The photosensitive layer included a charge generating layer and a
charge transport layer disposed in stated order from a side of the
conductive substrate. The charge generating layer had a thickness
of at least 0.07 .mu.m. The charge transport layer contained a
binder resin, a hole transport material, and meta-terphenyl. The
binder resin included the polyarylate resin (PA) including the
repeating unit (1), the repeating unit (2), and the terminal group
(3).

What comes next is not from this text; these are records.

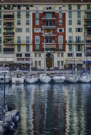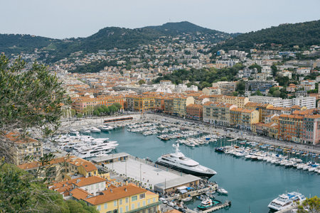 Nice, France - 01 June 2023: View of the port of Nice, moored yachts and boats, and the brightly colored facades of the surrounding houses
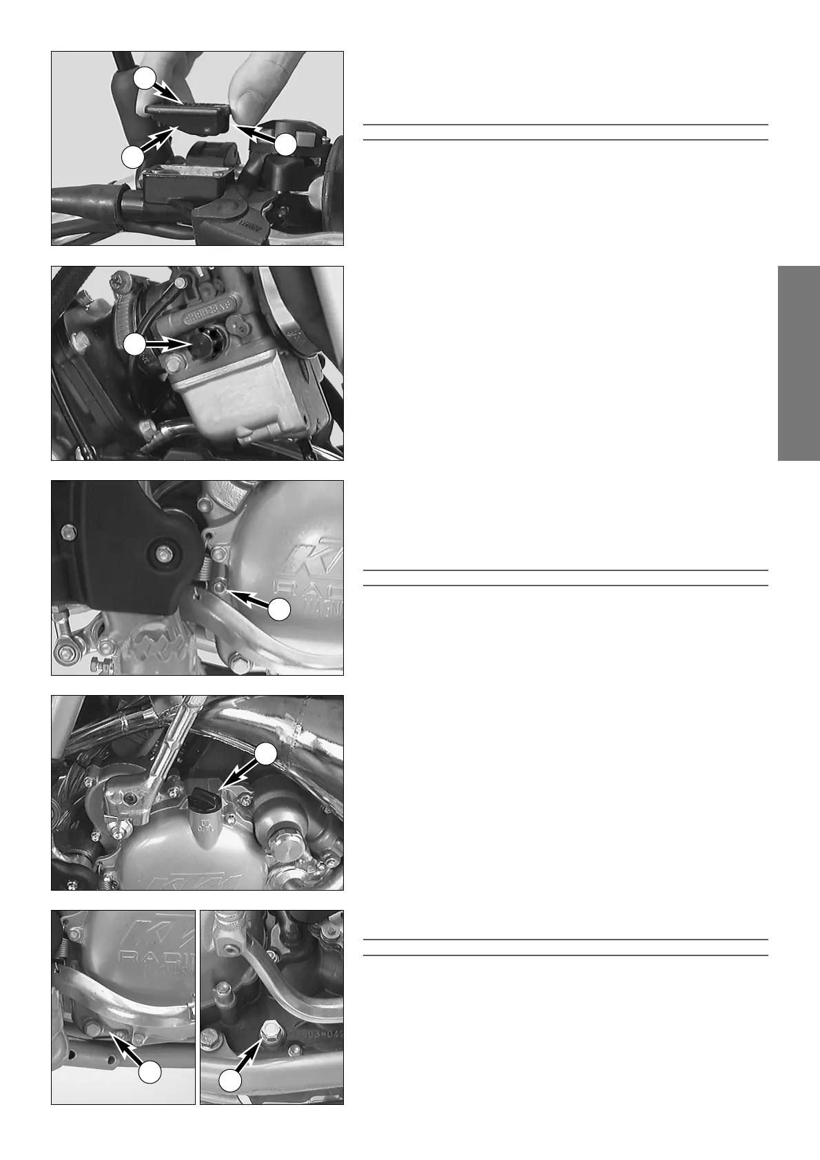 clutch cover is to be removed. Oil should just barely escape from the ins-
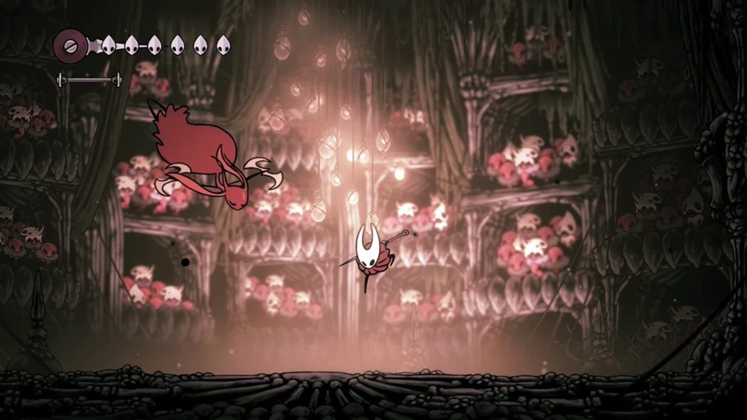 Четвертый хор – это металлический автоматон, охраняющий глубины доков. Он атакует своими массивными руками: вертикальные удары ломают платформы, а горизонтальные создают опасные зоны. Арена постепенно усложняется, ведь падение в лаву отнимает сразу две маски здоровья. После нескольких фаз появляются огненные шары и воздушные потоки, позволяющие использовать окружение для победы. Бить нужно исключительно по голове, остальная часть тела защищена броней. Интересно, что босса можно одолеть как обычными ударами, так и косвенным способом – разрушив потолочные блоки, которые обрушиваются прямо ему на голову. Четвертый хор делает список боссов Silksong особенно зрелищным.
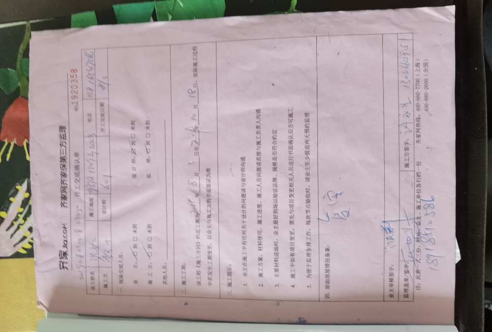 | 裝修面積 | 91m2 | 投訴人手機(jī) | 1381654**** | 被投訴人手機(jī) | 1332181**** |
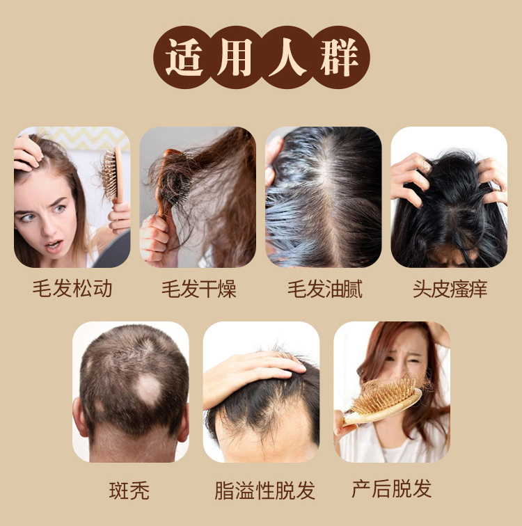 【功能主治】養(yǎng)血祛風(fēng),益腎填精。用于血虛風(fēng)盛、腎精不足所致的脫發(fā),癥見毛發(fā)松動(dòng)或呈稀疏狀脫落、毛發(fā)干燥或油膩、頭皮瘙癢;斑禿、全禿、脂溢性脫發(fā)與病后、產(chǎn)后脫發(fā)見上述證侯者。
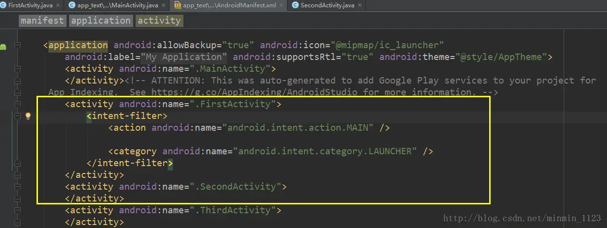 首先创建好两个Activity,注意在AndroidManifest给FirstActivity添加标签 intent-filter。
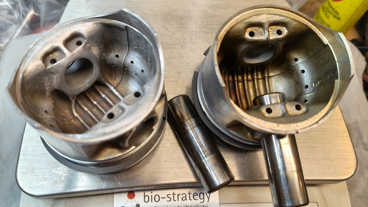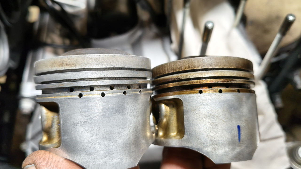 Cleaned the pistons. The ring grooves were full of poo, and the oil control rings were well and truly glued in by oil residue
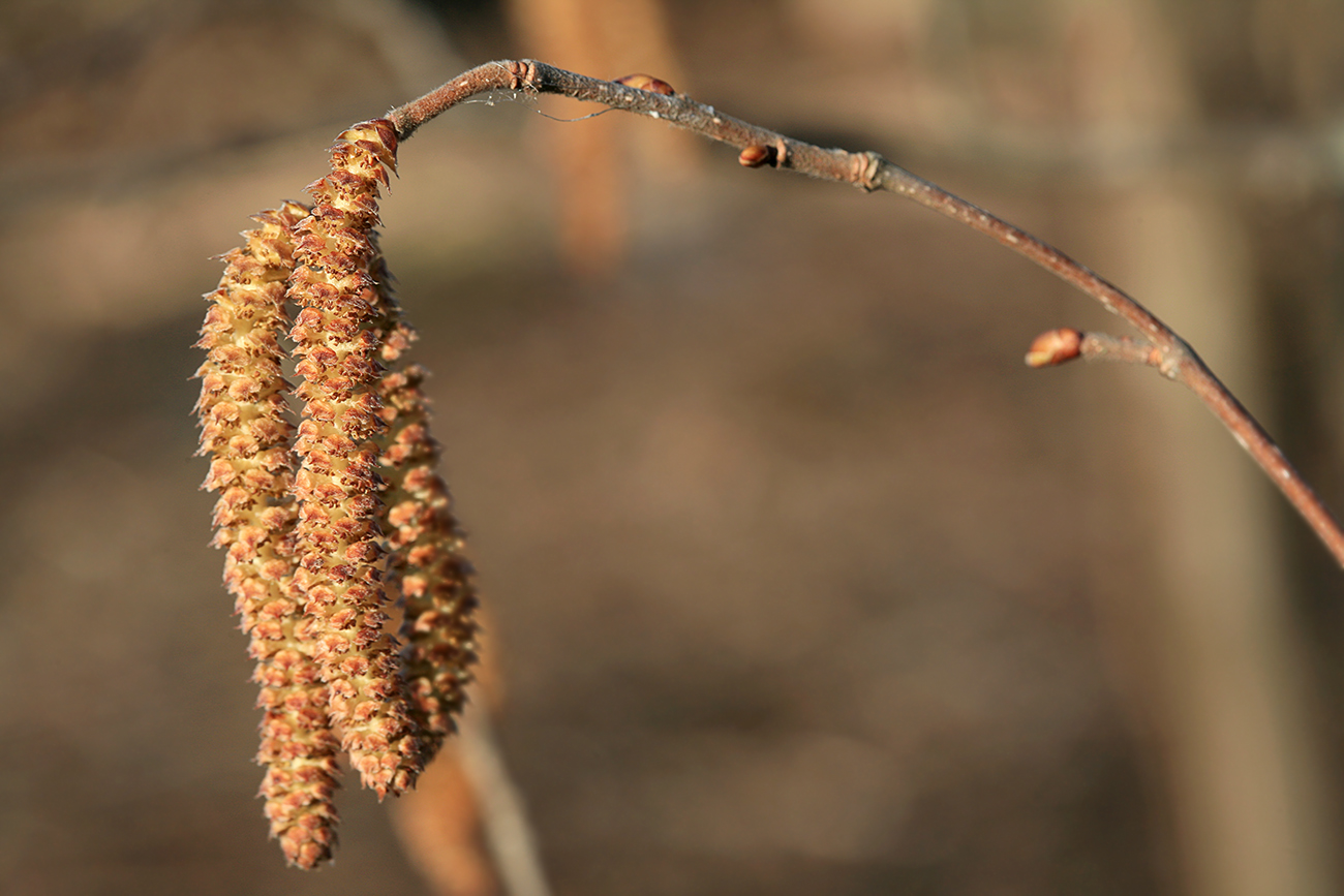 Верхняя часть побега с цветущими мужскими соцветиями. Костромская обл., Судиславский р-н, дер. Антипино. 17.04.2016.
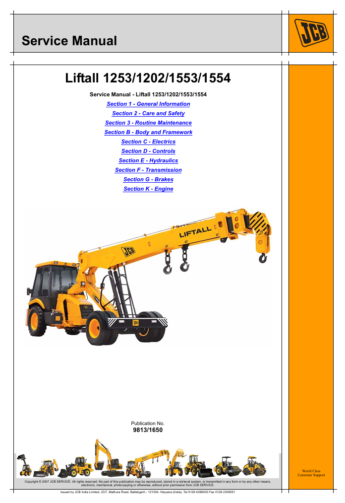 With This Service Repair Manual The Technician can solve any problems encountered in the operation of your JCB Liftall
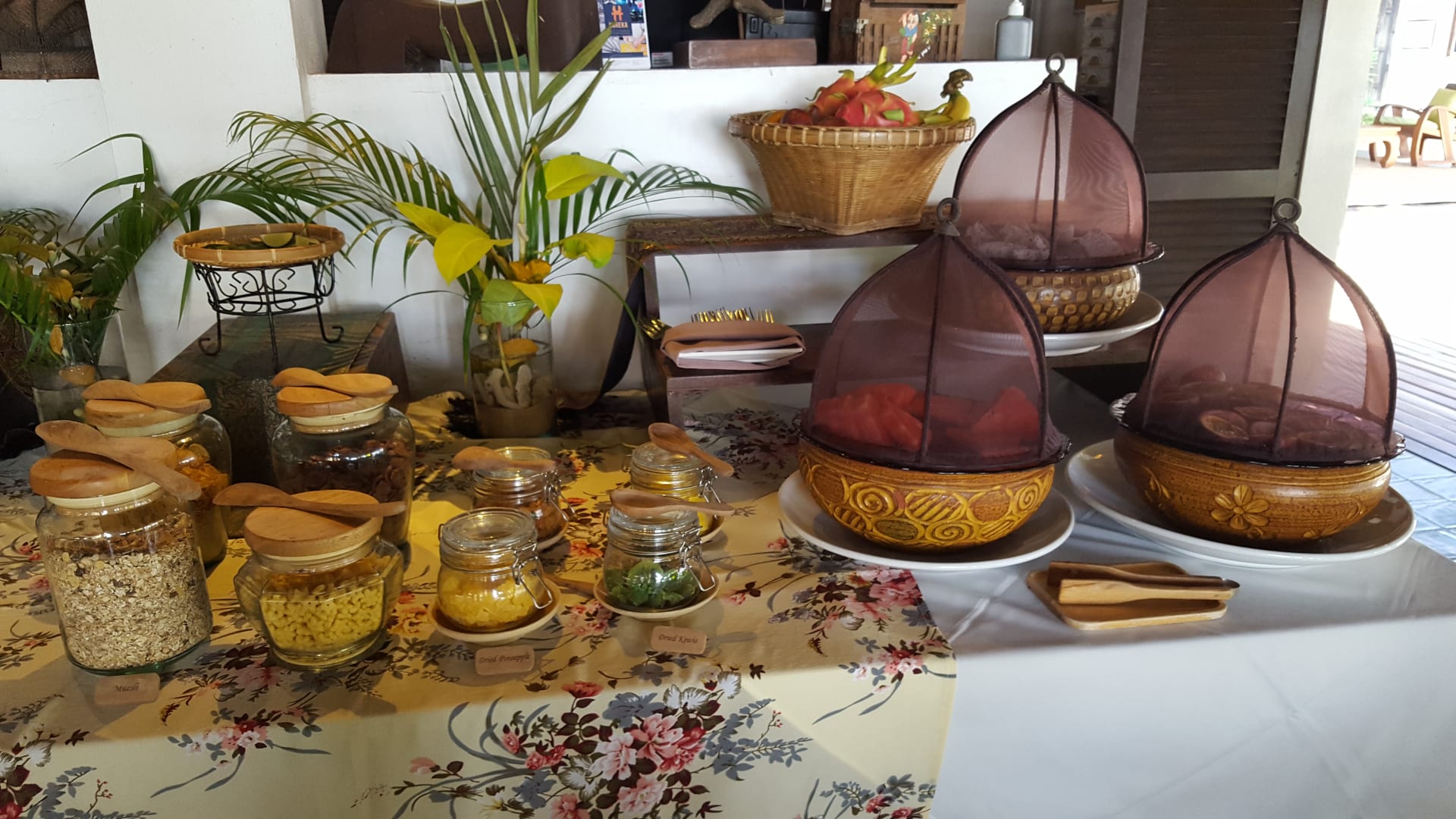 Teil des Frühstückbuffets mit Früchten und Cerealien
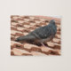 Esta quebra-cabeça espetacular mostra uma fotografia de um pombo selvagem sentado sobre um telhado. O pombo tem uma bela plumagem moscada e parece muito contente sobre seu poço de telhado.
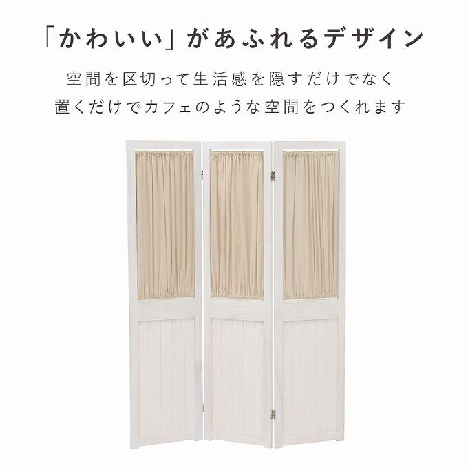 パーテーション 3連 衝立 おしゃれ 間仕切り ついたて カーテン ガーリー フェミニン 北欧 カフェ アンティーク調
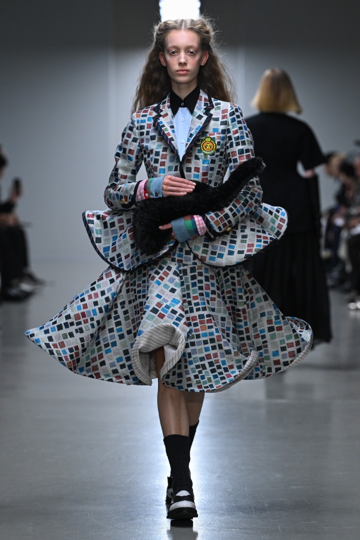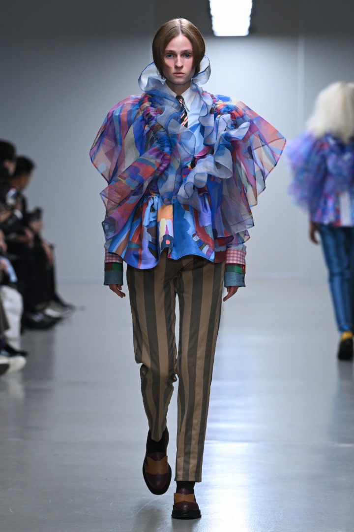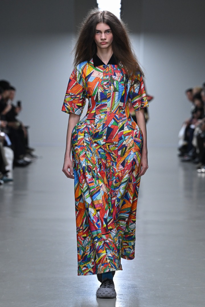 Anrealage sfilata collezione Primavera/Estate 2026 – Quando ho incontrato gli artisti, ho avuto la sensazione di aver toccato una presenza sacra e invisibile. Ciò che hanno creato non è stata mera arte, ma la cristallizzazione della vita stessa. Con la stessa naturalezza con cui respiravano, con forza e bellezza travolgenti, le loro opere nacquero. All’interno del quotidiano ordinario, si nascondeva un non-quotidiano inimmaginabile. Il mondo che vedono. Il paesaggio interiore che si dispiega dentro di loro, quanto è vasto, quanto sconosciuto, quanto è sconfinato. Rimasi solo all’ingresso. Come appare loro il mondo? Come ci appare? Perché, pur stando nello stesso luogo, i paesaggi sono diversi? Qual è il confine che divide questo mondo? Quando questo confine viene superato, ciò che emerge è la forma pura di vita. Esprime ♡ il battito del cuore, il cuore, il centro stesso della vita. Ogni battito cardiaco è unico, prova dell’essere vivi, l’essenza dell’esistenza individuale. Attraverso la moda, voglio rendere visibile questa esistenza. Per lasciare che i vestiti sostengano la vita. Per indossare il battito cardiaco informe.
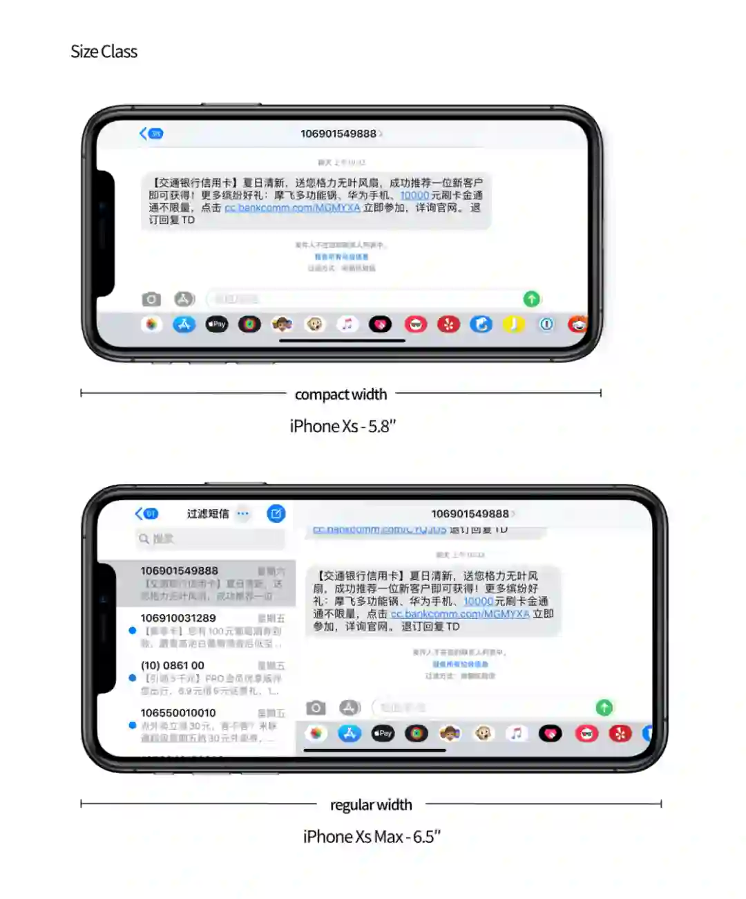 据此进一步印证了 6.5 寸的 iPhone Xs Max 的存在。同一个 app 在不同屏幕尺寸的屏幕上显示的内容布局不同,究其原因,如下图所示,在屏幕宽度上 5.8 寸屏幕的 Size Class 是「compact width」,6.5 寸屏幕的 Size Class 是「regular width」,Size Class 不同,所以它们的 app 内容显示布局不一样。

Each of the photosensitive members of Examples 1 to 25
satisfied at least two of the following conditions (A) to (C).
Thus, the photosensitive members of Examples 1 to 25 were excellent
in sensitivity and abrasion resistance and can inhibit band
generation caused due to high humidity as evident from Table 5.
(A) The charge generating layer has a thickness of at least 0.12
.mu.m. (B) The charge transport layer contains fluororesin
particles in an amount of at least 1.5 parts by mass and no greater
than 11.0 parts by mass relative to 100 parts by mass of the binder
resin. (C) The charge transport layer contains meta-terphenyl in an
amount of at least 5.0 parts by mass and no greater than 15.0 parts
by mass relative to 100 parts by mass of the binder resin.
[0171] By contrast, each of the photosensitive members of
Comparative Examples 1 to 15 did not have the above structure.
Therefore, each of the photosensitive members of Comparative
Examples 1 to 15 was poor in at least one of sensitivity
characteristics, abrasion resistance, and inhibition of band
generation caused due to high humidity.
* * * * *